COUNT(*) - Galileo sees the stars

In a busy OLTP environment, executing COUNT (*) against a large and heavily used table is often considered a performance hindering activity. A DBA or support personnel may immediately think that this execution caused a Table Scan and incurs huge I/O, CPU, Memory pressure, and so on.

Some of the common patterns we often see are as follows:

(a)           SELECT COUNT(*) FROM aTable....

(b)           SELECT sCustomerName, COUNT(*) as nCount FROM aTable......

(c)           DECLARE @nCount INT
              SELECT @nCount=COUNT(*)
               FROM aTable a
               JOIN bTable b ON a.xID=b.xID.......

              IF @nCount=0
                     --DO this
              ELSE
                     --DO that

(d)           IF ( SELECT COUNT(*) FROM aTable ) >=1000
                     --Do this please



A common practice is that we should always use “IF EXISTS” instead of COUNT(*)  to check existing records for a certain condition. Usually,” IF EXISTS” provides much faster execution and stop processing/scanning/seeking the next record as soon as it finds the first one.
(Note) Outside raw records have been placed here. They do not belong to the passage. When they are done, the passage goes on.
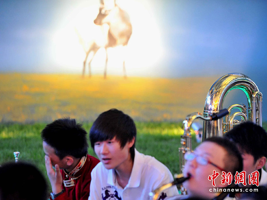 5月2日清晨,來(lái)自玉樹地震災(zāi)區(qū)結(jié)古鎮(zhèn)的藏族小樂手巴東珠,含著姐姐在地震中不幸遇難的悲痛心情,與小白楊中學(xué)生管弦樂團(tuán)來(lái)到上海世博會(huì),為中國(guó)青海館觀眾獻(xiàn)上一曲《在那遙遠(yuǎn)的地方》。他悲歡交融的情懷和演藝,感動(dòng)全場(chǎng)。巴東珠之前還是青海省人民醫(yī)院為地震傷員做藏語(yǔ)翻譯的志愿者。中新社記者 賈國(guó)榮 攝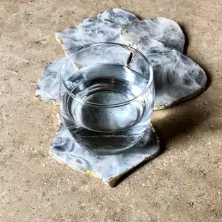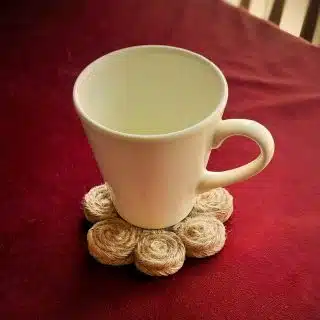 A hand-burned wooden mug coaster tree slice to decorate your table or stand on your desk.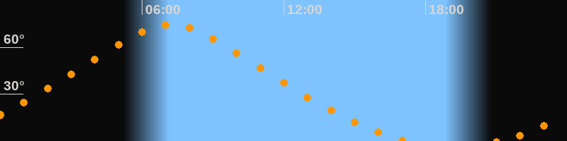 | Höchster Stand (Kulmination) | 07:11 Uhr (h = 74,5°) |

However, if the business requires counting a certain number of records or all records from a table to make a critical business decision then it will be a terrific task to replace the count functionality.

Reality by design:
So does COUNT(*) really cause performance issues we think it does?

Well, it depends on what form of indexes exists on the underlying table.  If there are no indexes on the underlying table (is clustered and has no non-clustered indexes) or the table is a HEAP (is not clustered and has no non-clustered indexes) then there will be an obvious clustered index or table Scan which will lead to poor performance. But if there is an index, SQL Server will always use that index to perform COUNT(*).  By design, SQL Server must use the smallest index.
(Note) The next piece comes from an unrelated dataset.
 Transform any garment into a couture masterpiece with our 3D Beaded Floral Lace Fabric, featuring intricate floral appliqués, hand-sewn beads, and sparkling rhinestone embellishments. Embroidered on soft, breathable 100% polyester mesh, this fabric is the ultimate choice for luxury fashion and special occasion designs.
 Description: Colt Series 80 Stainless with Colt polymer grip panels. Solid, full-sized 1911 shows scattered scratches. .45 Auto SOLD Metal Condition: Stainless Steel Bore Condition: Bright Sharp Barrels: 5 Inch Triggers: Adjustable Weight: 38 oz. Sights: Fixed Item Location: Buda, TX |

We can reveal this behavior by executing the following sample T-SQL script.

Sample T-SQL Code:
Let’s create a sample table with 100,000 rows with a couple of different columns by defining different data types. We will be creating indexes step by step while testing each COUNT(*) statement.
Sample Table and data:

-- Create a sample table
SET NOCOUNT ON;
IF object_id('tblLarge') IS NOT NULL
  DROP TABLE tblLarge
GO
CREATE TABLE tblLarge(
  xID INT IDENTITY (1, 1),
  sName1 VARCHAR(10),
  sName2 VARCHAR(13),
  sName3 VARCHAR(36),
  sIdentifier CHAR(2),
  dDOB DATE,
  nWage NUMERIC(12, 2),
  sLicense CHAR(7),
  bGender BIT
)
GO

-- Populate the table with 100,000 rows
INSERT INTO tblLarge(sName1
                   , sName2
                   , sName3
                   , sIdentifier
                   , dDOB
                   , nWage
                   , sLicense
                   , bGender)
VALUES
  (left(cast(newid() AS VARCHAR(36)), 8)
 , left(cast(newid() AS VARCHAR(36)), 13)
 , cast(newid() AS VARCHAR(36))
 , left(cast(newid() AS VARCHAR(36)), 2)
 , dateadd(dd, -rand() * 20000, getdate())
 , (rand() * 1000)
 , substring(cast(newid() AS VARCHAR(36)), 6, 7)
 , coalesce(isnumeric(left(cast(newid() AS VARCHAR(36)), 1)), 0))

GO 100000


Test against a HEAP:
Let’s execute the following COUNT((*) query against “tblLarge” where this table is still in HEAP condition. Thus we see a Table Scan.

SELECT  COUNT(*)
FROM    tblLarge
GO
Figure 1: A table scan was performed
  
Test against a CLUSTERED Index:
Now create a clustered index on column “xID” and execute the same query. This time SQL Server optimizer uses the clustered index.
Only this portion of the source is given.